§ Work instruction
Dropping every picture, set down exactly the lines in the entries below, starting with the line with "Figure 1. Structural" and going on through the line with "顔全体を広範囲で日差しからガードする幅広つばが特徴のキャップ。".

[Extracted data entries]

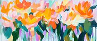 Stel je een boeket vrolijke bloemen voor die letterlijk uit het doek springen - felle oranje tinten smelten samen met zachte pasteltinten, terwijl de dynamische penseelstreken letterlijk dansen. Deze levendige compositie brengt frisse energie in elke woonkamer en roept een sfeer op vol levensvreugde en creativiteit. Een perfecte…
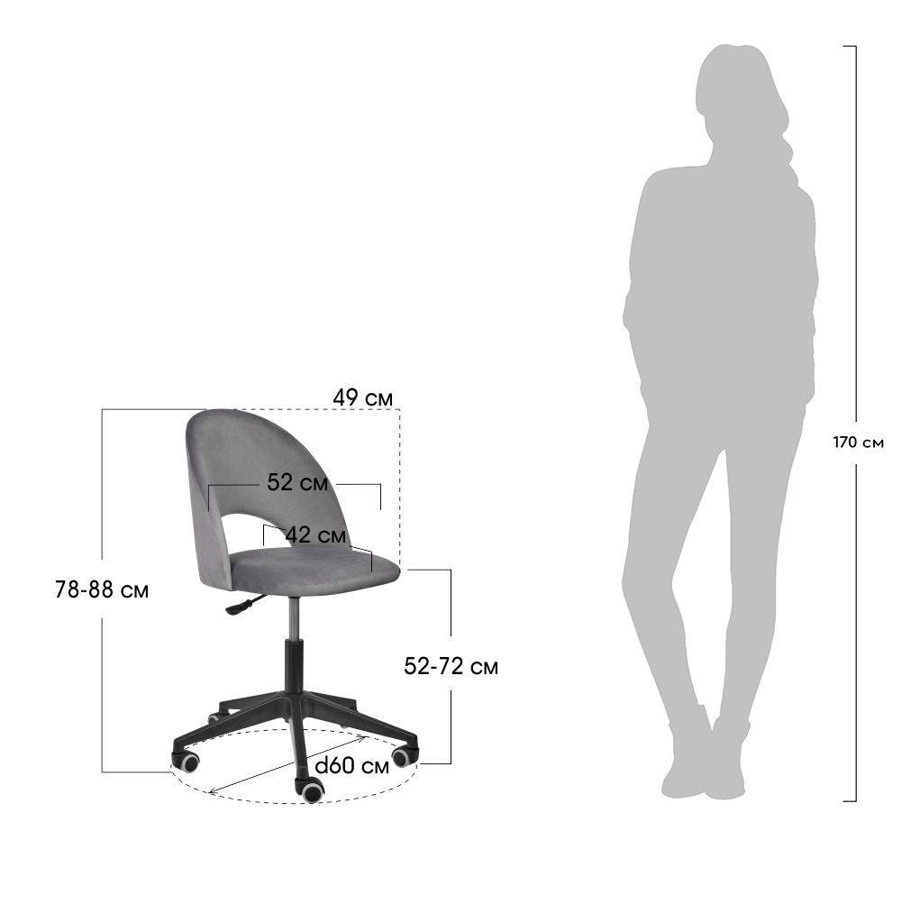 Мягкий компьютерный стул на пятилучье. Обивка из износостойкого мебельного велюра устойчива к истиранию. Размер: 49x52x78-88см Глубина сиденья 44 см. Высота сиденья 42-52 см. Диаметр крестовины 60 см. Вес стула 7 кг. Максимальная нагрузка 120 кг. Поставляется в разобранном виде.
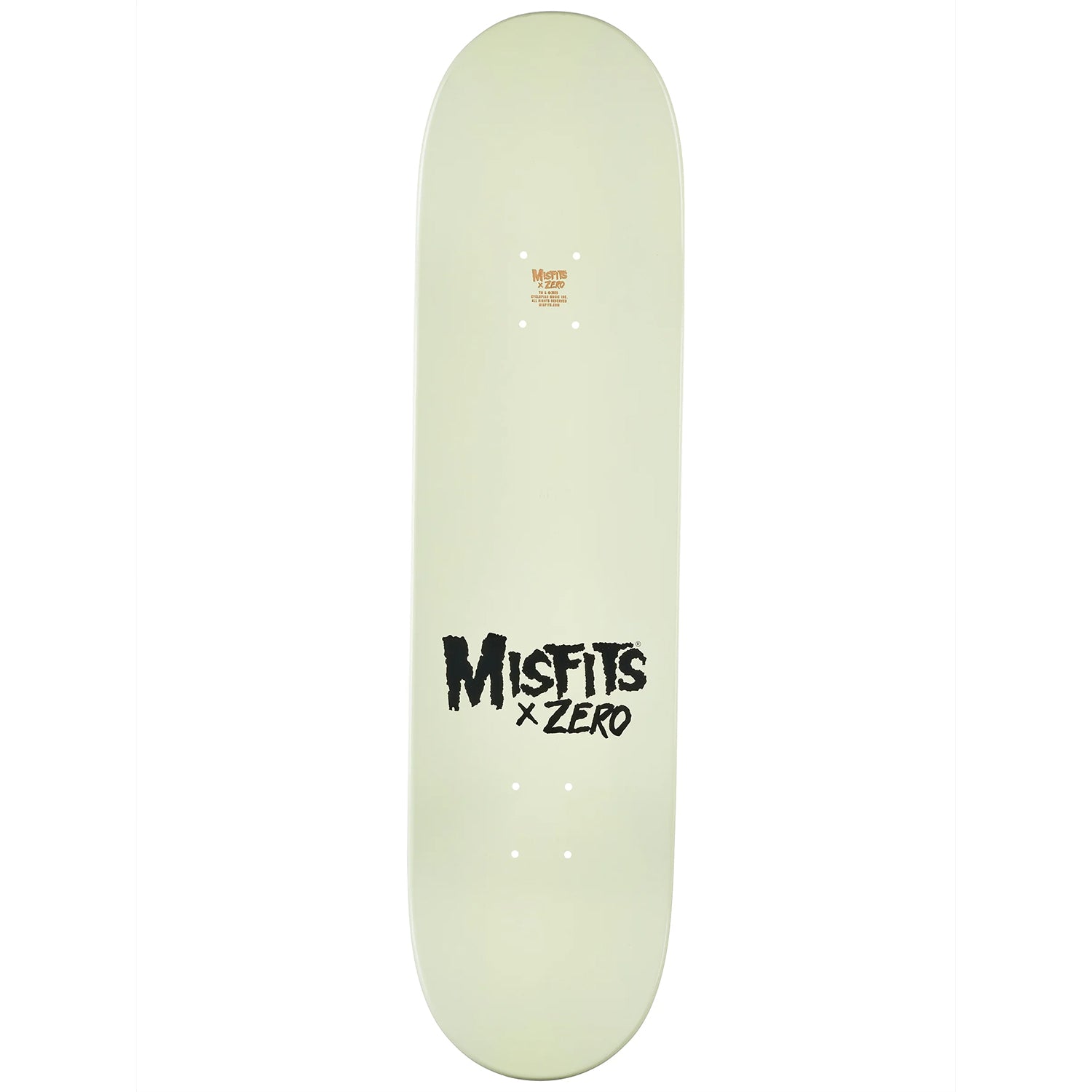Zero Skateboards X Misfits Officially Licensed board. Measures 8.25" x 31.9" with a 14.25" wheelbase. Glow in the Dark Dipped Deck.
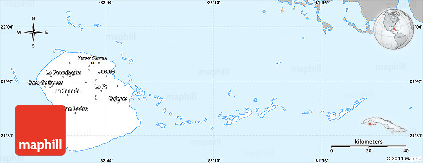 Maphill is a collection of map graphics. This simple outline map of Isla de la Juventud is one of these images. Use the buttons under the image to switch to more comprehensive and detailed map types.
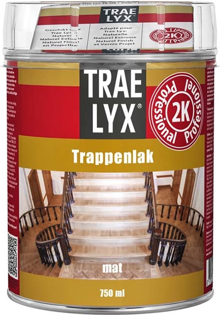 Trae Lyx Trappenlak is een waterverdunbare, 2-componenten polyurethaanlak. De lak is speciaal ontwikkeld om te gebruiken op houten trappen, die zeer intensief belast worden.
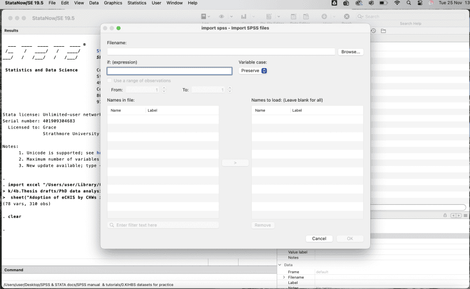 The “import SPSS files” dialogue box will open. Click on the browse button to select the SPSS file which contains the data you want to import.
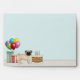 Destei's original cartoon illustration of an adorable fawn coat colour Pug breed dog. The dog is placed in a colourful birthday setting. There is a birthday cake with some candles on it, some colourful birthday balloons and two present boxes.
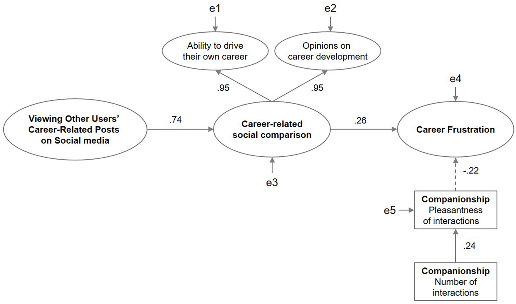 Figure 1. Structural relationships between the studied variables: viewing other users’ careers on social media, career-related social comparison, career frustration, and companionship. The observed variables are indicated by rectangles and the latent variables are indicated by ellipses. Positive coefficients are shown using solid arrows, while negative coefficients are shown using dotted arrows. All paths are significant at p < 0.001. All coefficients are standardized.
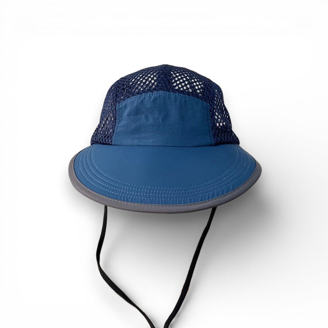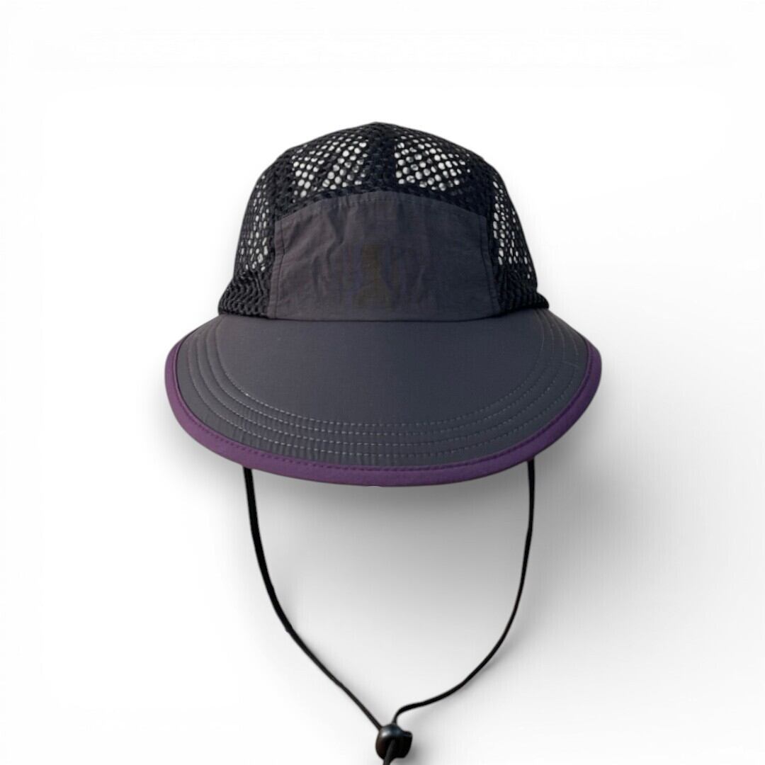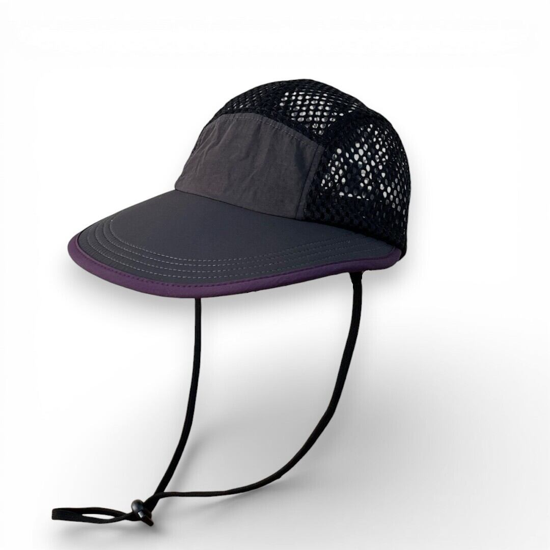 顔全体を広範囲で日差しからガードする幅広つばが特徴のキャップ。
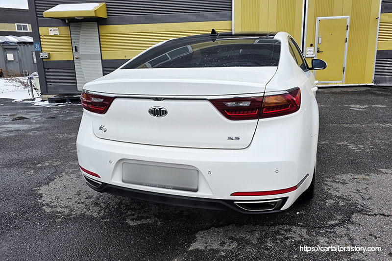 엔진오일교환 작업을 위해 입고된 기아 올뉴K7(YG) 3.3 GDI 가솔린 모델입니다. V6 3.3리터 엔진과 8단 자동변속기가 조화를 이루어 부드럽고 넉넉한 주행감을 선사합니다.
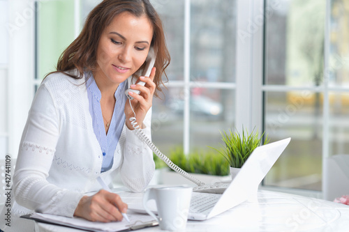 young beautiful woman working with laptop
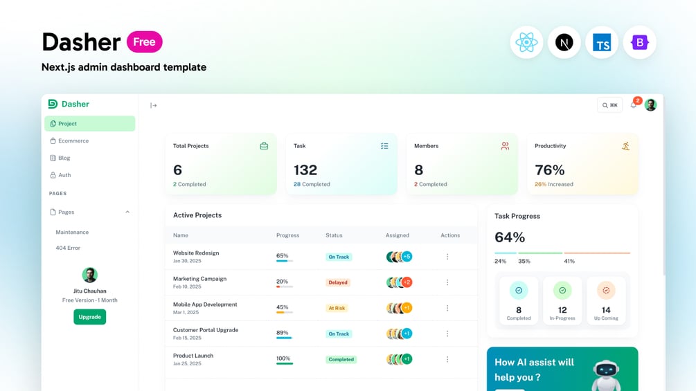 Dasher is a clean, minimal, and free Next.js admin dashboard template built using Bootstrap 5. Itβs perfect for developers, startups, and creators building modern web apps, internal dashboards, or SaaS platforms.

§ Reply to the task
 Figure 1. Structural relationships between the studied variables: viewing other users’ careers on social media, career-related social comparison, career frustration, and companionship. The observed variables are indicated by rectangles and the latent variables are indicated by ellipses. Positive coefficients are shown using solid arrows, while negative coefficients are shown using dotted arrows. All paths are significant at p < 0.001. All coefficients are standardized.
 顔全体を広範囲で日差しからガードする幅広つばが特徴のキャップ。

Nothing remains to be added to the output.